[Activity]
After finding "Meridional (latitude–height) cross" in a line below, print that line and the rest of the lines exactly, leaving out all pictures.
━━━ Dataset
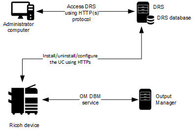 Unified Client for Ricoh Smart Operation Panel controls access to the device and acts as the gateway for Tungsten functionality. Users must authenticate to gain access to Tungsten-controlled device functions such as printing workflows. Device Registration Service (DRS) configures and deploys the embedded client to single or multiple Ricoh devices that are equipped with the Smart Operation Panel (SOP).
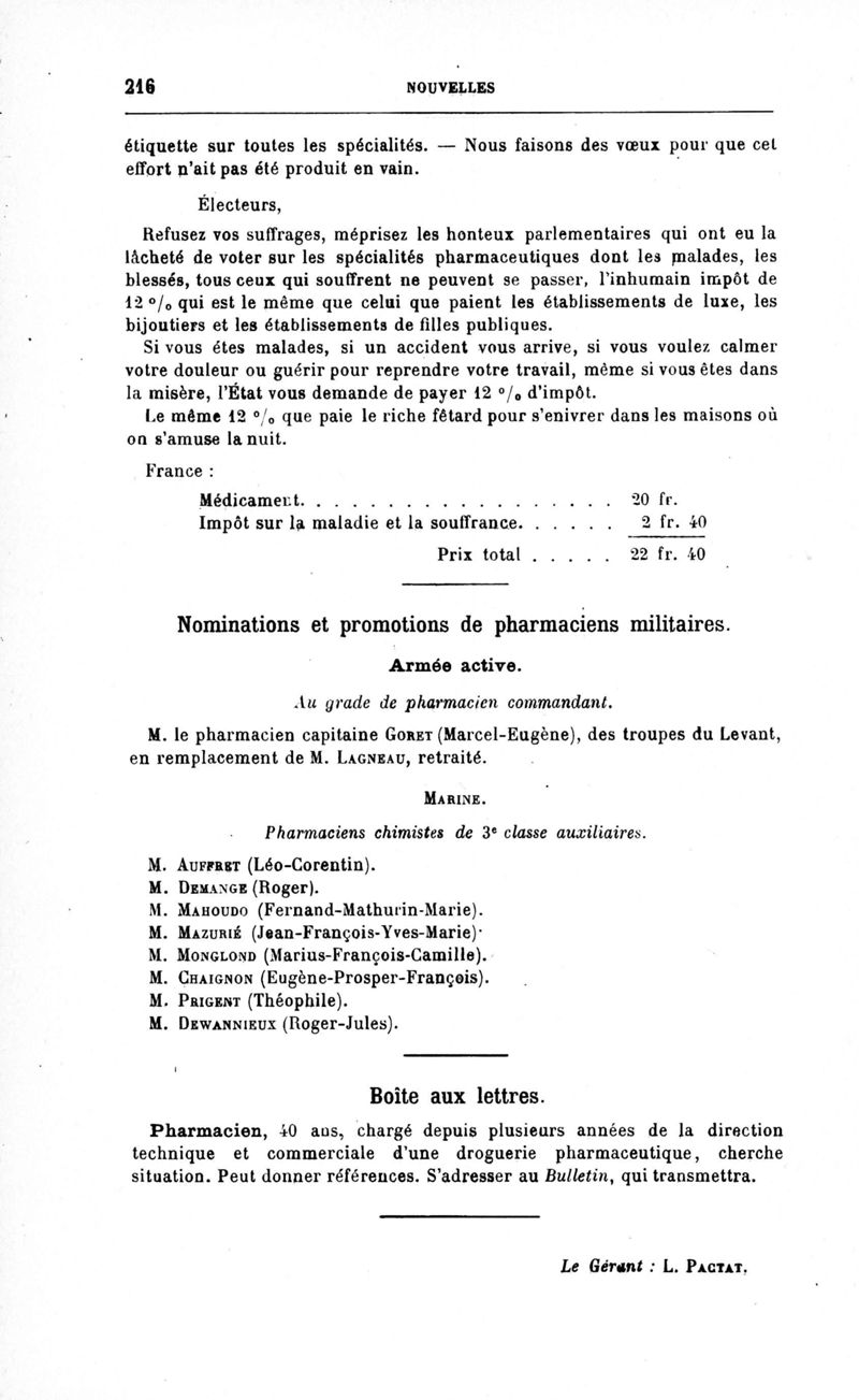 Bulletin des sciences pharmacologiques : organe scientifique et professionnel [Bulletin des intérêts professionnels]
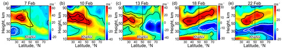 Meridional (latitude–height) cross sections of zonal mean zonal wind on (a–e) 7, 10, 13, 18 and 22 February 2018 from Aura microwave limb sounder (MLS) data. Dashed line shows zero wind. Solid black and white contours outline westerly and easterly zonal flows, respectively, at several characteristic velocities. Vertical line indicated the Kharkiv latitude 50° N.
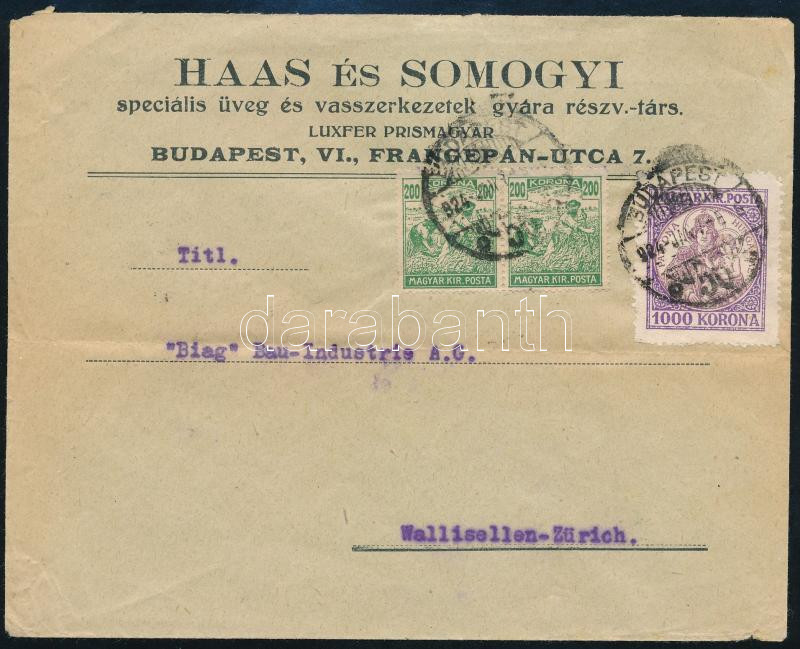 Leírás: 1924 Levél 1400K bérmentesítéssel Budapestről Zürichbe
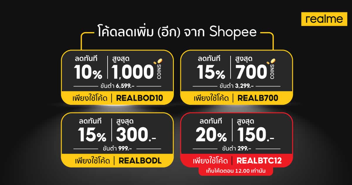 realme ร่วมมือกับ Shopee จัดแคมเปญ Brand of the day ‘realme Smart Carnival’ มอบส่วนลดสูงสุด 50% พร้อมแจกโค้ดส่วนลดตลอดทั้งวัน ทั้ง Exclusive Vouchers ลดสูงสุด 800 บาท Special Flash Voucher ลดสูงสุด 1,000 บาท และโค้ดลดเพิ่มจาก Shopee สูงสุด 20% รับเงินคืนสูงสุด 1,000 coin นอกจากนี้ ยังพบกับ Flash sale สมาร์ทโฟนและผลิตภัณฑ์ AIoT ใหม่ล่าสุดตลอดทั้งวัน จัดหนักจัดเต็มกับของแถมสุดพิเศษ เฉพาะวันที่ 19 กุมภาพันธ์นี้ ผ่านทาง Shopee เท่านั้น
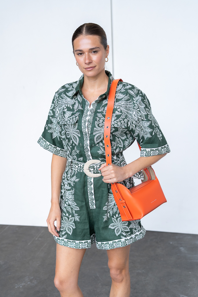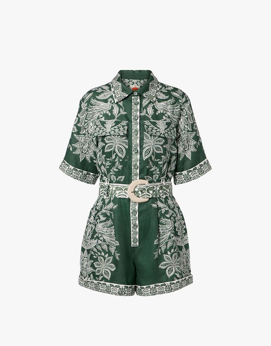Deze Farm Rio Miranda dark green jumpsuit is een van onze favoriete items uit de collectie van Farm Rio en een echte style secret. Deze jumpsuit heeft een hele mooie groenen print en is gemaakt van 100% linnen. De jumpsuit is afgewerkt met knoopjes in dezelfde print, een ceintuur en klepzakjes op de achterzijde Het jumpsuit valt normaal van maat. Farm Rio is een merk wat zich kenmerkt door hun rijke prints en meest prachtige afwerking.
━━━━━━
[Answer to this problem]
 Meridional (latitude–height) cross sections of zonal mean zonal wind on (a–e) 7, 10, 13, 18 and 22 February 2018 from Aura microwave limb sounder (MLS) data. Dashed line shows zero wind. Solid black and white contours outline westerly and easterly zonal flows, respectively, at several characteristic velocities. Vertical line indicated the Kharkiv latitude 50° N.
 Leírás: 1924 Levél 1400K bérmentesítéssel Budapestről Zürichbe
 realme ร่วมมือกับ Shopee จัดแคมเปญ Brand of the day ‘realme Smart Carnival’ มอบส่วนลดสูงสุด 50% พร้อมแจกโค้ดส่วนลดตลอดทั้งวัน ทั้ง Exclusive Vouchers ลดสูงสุด 800 บาท Special Flash Voucher ลดสูงสุด 1,000 บาท และโค้ดลดเพิ่มจาก Shopee สูงสุด 20% รับเงินคืนสูงสุด 1,000 coin นอกจากนี้ ยังพบกับ Flash sale สมาร์ทโฟนและผลิตภัณฑ์ AIoT ใหม่ล่าสุดตลอดทั้งวัน จัดหนักจัดเต็มกับของแถมสุดพิเศษ เฉพาะวันที่ 19 กุมภาพันธ์นี้ ผ่านทาง Shopee เท่านั้น
Deze Farm Rio Miranda dark green jumpsuit is een van onze favoriete items uit de collectie van Farm Rio en een echte style secret. Deze jumpsuit heeft een hele mooie groenen print en is gemaakt van 100% linnen. De jumpsuit is afgewerkt met knoopjes in dezelfde print, een ceintuur en klepzakjes op de achterzijde Het jumpsuit valt normaal van maat. Farm Rio is een merk wat zich kenmerkt door hun rijke prints en meest prachtige afwerking.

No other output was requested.